Exercise directions: Using the entries that follow, state how many lines contain the word "الحكومي". The response is that number and nothing more.

Dataset extract:
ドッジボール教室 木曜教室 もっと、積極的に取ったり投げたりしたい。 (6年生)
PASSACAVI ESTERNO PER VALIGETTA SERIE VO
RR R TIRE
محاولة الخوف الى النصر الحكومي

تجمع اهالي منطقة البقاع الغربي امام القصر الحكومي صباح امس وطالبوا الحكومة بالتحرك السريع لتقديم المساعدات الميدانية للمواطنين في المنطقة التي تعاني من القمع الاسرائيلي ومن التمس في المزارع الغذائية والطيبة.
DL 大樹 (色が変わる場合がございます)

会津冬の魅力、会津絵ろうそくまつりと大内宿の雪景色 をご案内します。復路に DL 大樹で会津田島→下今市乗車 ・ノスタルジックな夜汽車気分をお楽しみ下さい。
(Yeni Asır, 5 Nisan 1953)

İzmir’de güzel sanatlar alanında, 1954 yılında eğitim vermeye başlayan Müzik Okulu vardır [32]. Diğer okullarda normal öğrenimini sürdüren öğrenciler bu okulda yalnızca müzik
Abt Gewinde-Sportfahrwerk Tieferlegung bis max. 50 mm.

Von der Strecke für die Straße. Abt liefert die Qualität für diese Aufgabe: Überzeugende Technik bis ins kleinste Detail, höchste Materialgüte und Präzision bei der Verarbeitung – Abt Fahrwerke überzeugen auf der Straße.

--

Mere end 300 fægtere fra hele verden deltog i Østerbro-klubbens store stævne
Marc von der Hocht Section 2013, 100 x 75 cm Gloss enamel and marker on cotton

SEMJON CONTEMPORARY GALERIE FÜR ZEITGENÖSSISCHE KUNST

Solution to the problem: 2